GAM(L)A: An econometric model for interpretable Machine Learning
This addresses the need for interpretable models in fields like economics and regulation, though it is incremental as it builds on existing partial linear and variable selection methods.
The authors tackled the problem of interpretability in machine learning by proposing GAM(L)A, a partial linear model that combines parametric and non-parametric functions for variable selection and overfitting control. The results show that GAM(L)A outperforms parametric models with enhancements and performs comparably to random forest and gradient boosting without significant differences.

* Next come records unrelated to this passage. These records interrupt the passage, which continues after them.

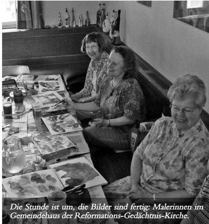
Die Stunde ist um, die Bilder sind fertig: Malerinnen im Gemeindehaus der Reformations-Gedächtnis-Kirche.
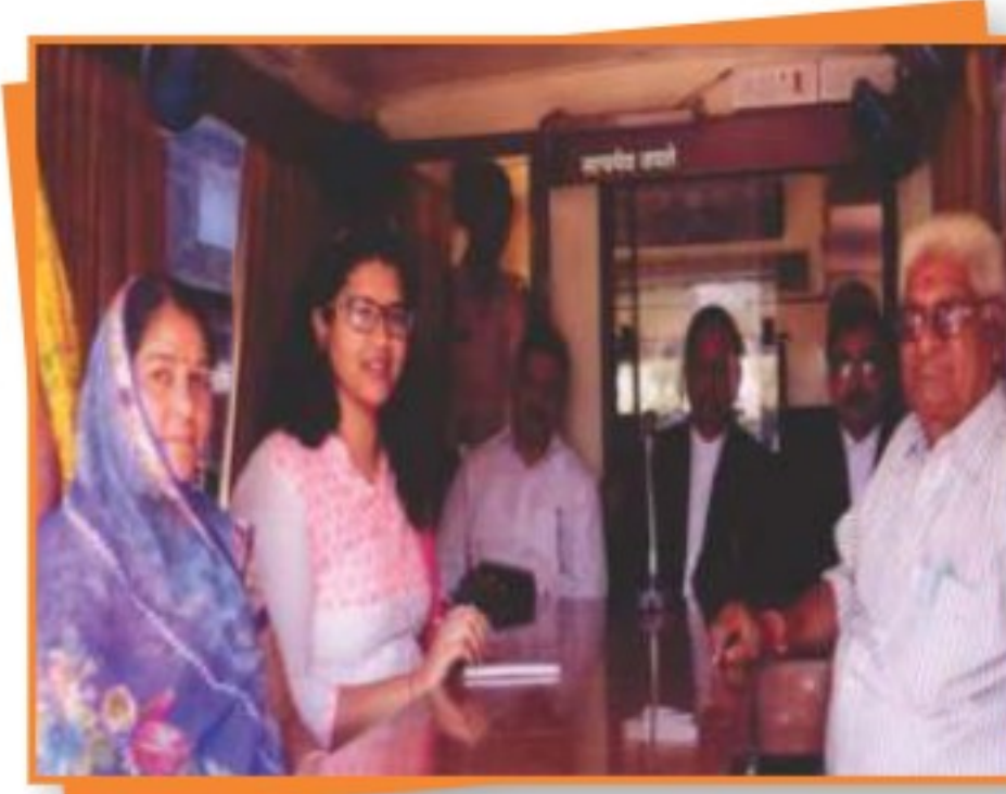
डिण्डौरी जिले में आयोजित मोबाइल लोक अदालत एवं विधिक साक्षरता शिविर
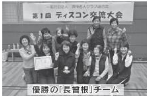
優勝の「長會根」チーム
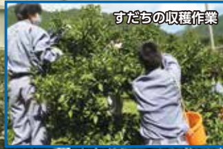
すだちの収穫作業
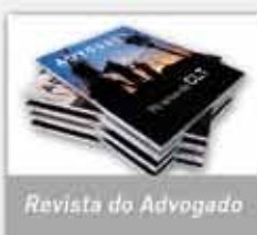
Revista do Advogado
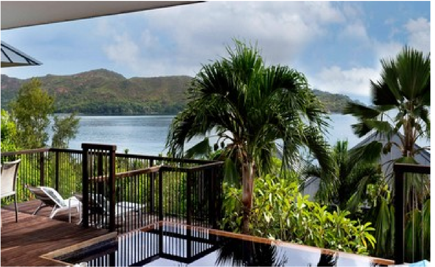
Grand Panoramic Pool Villa
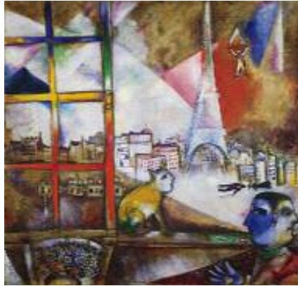
مارك شاگال، پاریس له په نچه روهه، ۱۹۱۲، پوښی له سهه ركانشاس، ۵۳ × ۵۵ ښیچ.
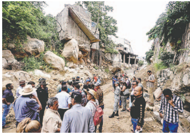
Autoridades municipales y habitantes recorren el canal del río del Camarón donde supervisan la limpieza de los canales por las lluvias del huracán ‘Jhon’, este lunes, en la ciudad de Acapulco, México
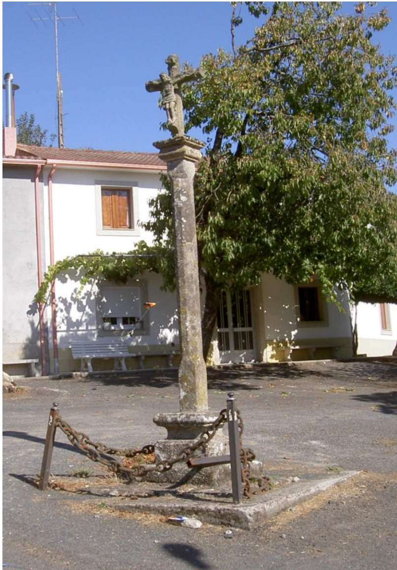
CRUCEIRO DE SAN BREIXO.

Despite their high predictive performance, random forest and gradient boosting are often considered as black boxes or uninterpretable models which has raised concerns from practitioners and regulators. As an alternative, we propose in this paper to use partial linear models that are inherently interpretable. Specifically, this article introduces GAM-lasso (GAMLA) and GAM-autometrics (GAMA), denoted as GAM(L)A in short. GAM(L)A combines parametric and non-parametric functions to accurately capture linearities and non-linearities prevailing between dependent and explanatory variables, and a variable selection procedure to control for overfitting issues. Estimation relies on a two-step procedure building upon the double residual method. We illustrate the predictive performance and interpretability of GAM(L)A on a regression and a classification problem. The results show that GAM(L)A outperforms parametric models augmented by quadratic, cubic and interaction effects. Moreover, the results also suggest that the performance of GAM(L)A is not significantly different from that of random forest and gradient boosting.